Automates the provisioning and installation of Elastic Cloud Enterprise (ECE) on Google Cloud Platform using Terraform and Ansible. Deploy a single-node or 3-node (small) ECE cluster in minutes — either through an interactive CLI or a browser-based Web UI.

Features

  • Two deployment methods — CLI (deploy.sh) for power users and terminal workflows, Web UI (web.sh) for a visual, browser-based experience
  • ECE 3.3.0 through 4.1.0+ — full version coverage with easy extension via the vars file
  • Multiple OS/runtime combinations — Rocky 8/9 (Podman), Ubuntu 22.04/24.04 (Docker), x86_64 and arm64
  • SELinux support — optional enforcing mode for Rocky-based deployments (ECE ≥ 3.7.1)
  • Auto-termination — GCP instances automatically deleted after a configurable number of days
  • Post-install optimization — automatic API calls to resize system deployments to 2 zones
  • Cross-platform — runs on Linux, macOS, and WSL
  • Data-driven configuration — all version lists and OS mappings live in vars for easy maintenance

Requirements

Install and configure the following before running:

Tool Install Notes
Google Cloud SDK Install Guide Must be authenticated with gcloud auth application-default login
Terraform brew install terraform Infrastructure provisioning
jq brew install jq JSON processing
Python 3 + pip System package manager Ansible dependency
SSH key ~/.ssh/google_compute_engine Must grant access to GCP instances.

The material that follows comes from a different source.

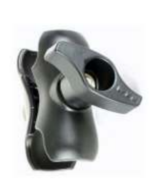
RAM-D-202U-23 RAM BASE 2" X 3" WITH 2 1/4" DIAMETER BALL

Edit ansible.cfg if using a different path
Node.js 18+ brew install node Web UI only — not needed for CLI usage

Quick Start

# 1. Clone the repository
git clone git@github.com:jlim0930/ecelab.git
cd ecelab

# 2. Configure your environment
#    Edit 'vars' to set PROJECT_ID, REGION, and MAX_RUN_DAYS

# 3. Authenticate with GCP
gcloud auth application-default login

# 4. Deploy — pick one:
./deploy.sh          # CLI: interactive terminal prompts
./web.sh             # Web UI: opens browser at http://localhost:3000

Method 1: CLI (deploy.sh)

The CLI method runs entirely in your terminal with interactive selection menus.

Deploy (Interactive)

./deploy.sh

You'll be guided through three selections:

  1. Deployment sizesingle (1 node) or small (3 nodes)
  2. ECE version — e.g., 3.8.4, 4.0.3, 4.1.0
  3. OS/runtime — filtered based on your ECE version selection

Example session:

[INFO]  Select the deployment size:
1) single
2) small
#? 2
[INFO]  Select the ECE Version:
 1) 3.3.0    5) 3.5.1    9) 3.7.3   13) 3.8.4   17) 4.0.3
 2) 3.4.0    6) 3.6.0   10) 3.8.0   14) 4.0.0   18) 4.1.0
 3) 3.4.1    7) 3.6.1   11) 3.8.1   15) 4.0.1
 4) 3.5.0    8) 3.6.2   12) 3.8.2   16) 4.0.2
#? 14
[INFO]  Select the OS for the GCP instances:
 1) Rocky 8 - Podman - x86_64
 2) Rocky 8 - Podman - x86_64 - selinux
 3) Rocky 8 - Podman - arm64
 ...
#? 1
[INFO]  Using Project: elastic-support, Region: us-central1, MachineType: n1-highmem-8
[INFO]  ECE version: 4.0.0 OS: Rocky 8 - Podman - x86_64 Install Type: small

Deploy (Non-Interactive / Preselected)

Edit the vars file and uncomment the PRESELECTED_* variables:

PRESELECTED_installtype="single"
PRESELECTED_version="4.0.0"
PRESELECTED_os="Rocky 8 - Podman - x86_64"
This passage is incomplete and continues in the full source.